Defining Characteristics of a Future Severe Weather Warning Paradigm for FACETs in the HWT
Christopher Karstens, Cooperative Institute for Mesoscale Meteorological Studies (CIMMS) and National Severe Storms Laboratory (NSSL), Norman, OK
Alan Gerard, National Severe Storms Laboratory (NSSL)
Lans Rothfusz, National Severe Storms Laboratory (NSSL)

The primary goal of Forecasting a Continuum of Environmental Threats (FACETs) is to evolve the current National Weather Service (NWS) deterministic watch/warning paradigm to one based on Probabilistic Hazard Information (PHI).  Four years of iterative research, development, and experimentation with NWS forecasters, Emergency Managers (EMs), and Broadcasters has provided soft, yet tangible insights into the defining characteristics of this future paradigm for severe convective weather events.  This presentation will articulate these findings.

First, a future warning paradigm likely needs to retain deterministic products, but with greater temporal and spatial precision, as well as the inclusion of sub-severe deterministic information (i.e., advisories).  Today's forecasters are a byproduct of decades of warning decision-making and training, with demonstrated skill and improvement over time.  Emergency manager (EM) participants expressed deep reliance these expert yes/no decisions for justifying decisions of their own, and they have been appreciative of our experimental efforts to provide greater warning precision for individual hazards.

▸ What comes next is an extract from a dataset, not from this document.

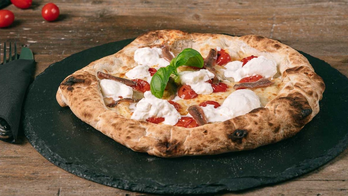Impasto Napoli, cremoso di zucca, fior di latte, burrata fumè, speck dopo cottura16,90 €Norcia

Second, the underlying driver of the current warning paradigm is hazard severity for defining thresholds and estimating intensity.  However, predictions of hazard severity are necessarily uncertain.  Therefore, a future warning paradigm likely needs to make use of probabilistic information to denote forecaster confidence as a function of lead-time.  Geographically, this uncertainty information can be mapped as a plume, giving a relative indication of the area(s) most likely to encounter the severe weather contained within a deterministic product.

Third, the most savvy EMs not only have developed precautionary plans of action for severe weather, but they also have estimates for how long it will take to execute their plans.  Thus, a future warning paradigm likely needs to include hazard specific timing information that can be derived and rapidly updated for specific locations.  Lead-time is traditionally calculated as the time difference between warning issuance and the first report within the warning.  Accounting for time needed to execute a precautionary plan bifurcates this lead-time calculation into 1) the amount of time preceding the decision to execute the plan, and 2) the amount of time needed to execute the plan.  The first of these defines the user's specific lead-time.

To achieve these three elements of a future warning paradigm experimentally, we have applied the concept of object identification and tracking, both manually and in a human/machine mix where mechanical aspects of the object updates are partially automated.  This allows the forecast to keep pace with the dominant scales of motion associated with severe convection and frees the forecaster to engage in rapidly updating the communicative aspects of a forecast (e.g., intensity changes) when necessary.  Unification of the aforementioned warning paradigm elements with forecasters and objects in a real-time severe weather event is a vital process we have termed "continuous flow of information".

This presentation will conclude with thoughts on future directions of research.  It is clear that more work is needed to better understand how to establish forecaster trust with sophisticated artificial intelligence decision aids.  Additionally, efforts are underway to begin understanding how to bridge the information gap between watches and warnings using probabilistic hazard information.